**WHAT TO DO**
Below is a block of entries, which should be copied verbatim apart from the pictures.

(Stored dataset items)

'''

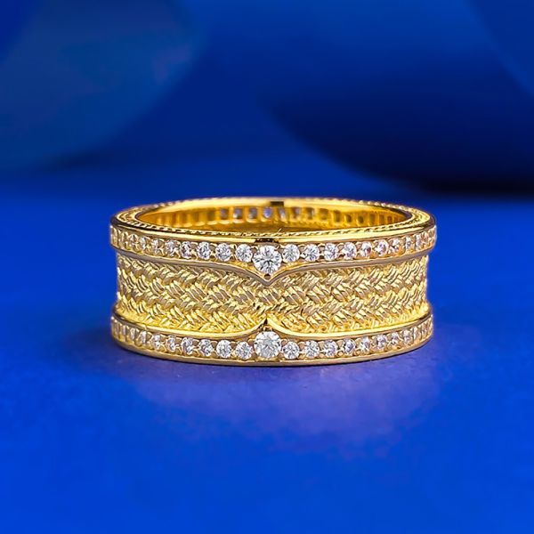 - 18K金メッキ925スターリングシルバーの古代ダイヤモンドリング、 高級ジュエリーバンド ◆最初の入札者様は開始価格で購入できます◆_Kn
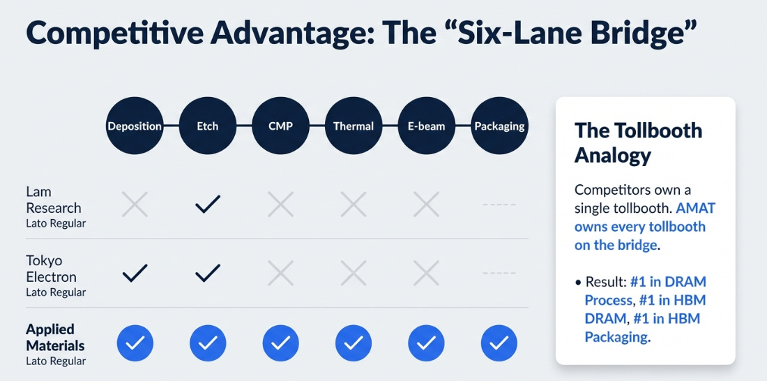 What makes this specifically an Applied Materials story, rather than a generic semi-cap tailwind, is the breadth of their exposure to the HBM production flow. Lam Research is strong in etch. Tokyo Electron is strong in deposition and coater/developers. But HBM fabrication and packaging touches deposition, etch, CMP (chemical mechanical planarization), thermal processing, e-beam inspection, and advanced packaging, and AMAT has leading or dominant positions across all of them. They capture revenue at five or six points in the HBM production process where a competitor might capture one or two. It’s the difference between owning a tollbooth on the highway and owning every tollbooth on a six-lane bridge. That breadth is why AMAT can credibly claim #1 in DRAM process equipment, #1 in HBM DRAM, and #1 in HBM packaging simultaneously, and why the DRAM mix shift accrues disproportionately to them.
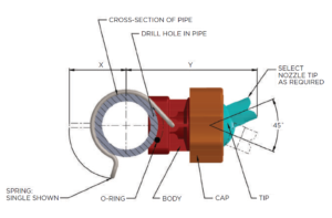 - Permits directional adjustment of the nozzle tip anywhere within a 45° included angle.
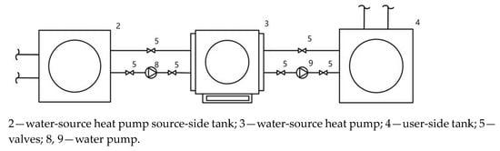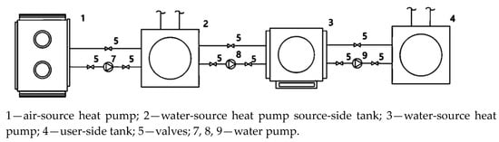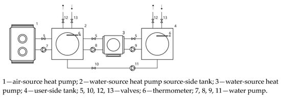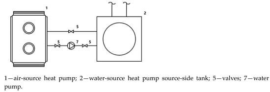 During the experiments in various heating periods, the source-side water was heated and its temperature maintained by the ASHP. Changes in the WSHP in other scenarios were recorded by altering the source-side water temperature. A schematic diagram of the experiment is presented in Figure 5.
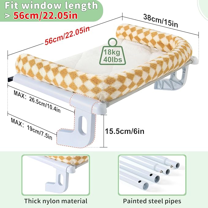 - Important Size Notice – The cat window perch measures 22.05" × 15". Please confirm your windowsill size before purchase. Suitable only for sills with an edge shorter than 2.76", a slot gap over 0.08", and a slot depth of at least 0.6"

'''

**TASK ANSWER**
 - 18K金メッキ925スターリングシルバーの古代ダイヤモンドリング、 高級ジュエリーバンド ◆最初の入札者様は開始価格で購入できます◆_Kn
 What makes this specifically an Applied Materials story, rather than a generic semi-cap tailwind, is the breadth of their exposure to the HBM production flow. Lam Research is strong in etch. Tokyo Electron is strong in deposition and coater/developers. But HBM fabrication and packaging touches deposition, etch, CMP (chemical mechanical planarization), thermal processing, e-beam inspection, and advanced packaging, and AMAT has leading or dominant positions across all of them. They capture revenue at five or six points in the HBM production process where a competitor might capture one or two. It’s the difference between owning a tollbooth on the highway and owning every tollbooth on a six-lane bridge. That breadth is why AMAT can credibly claim #1 in DRAM process equipment, #1 in HBM DRAM, and #1 in HBM packaging simultaneously, and why the DRAM mix shift accrues disproportionately to them.
 - Permits directional adjustment of the nozzle tip anywhere within a 45° included angle.
 During the experiments in various heating periods, the source-side water was heated and its temperature maintained by the ASHP. Changes in the WSHP in other scenarios were recorded by altering the source-side water temperature. A schematic diagram of the experiment is presented in Figure 5.
 - Important Size Notice – The cat window perch measures 22.05" × 15". Please confirm your windowsill size before purchase. Suitable only for sills with an edge shorter than 2.76", a slot gap over 0.08", and a slot depth of at least 0.6"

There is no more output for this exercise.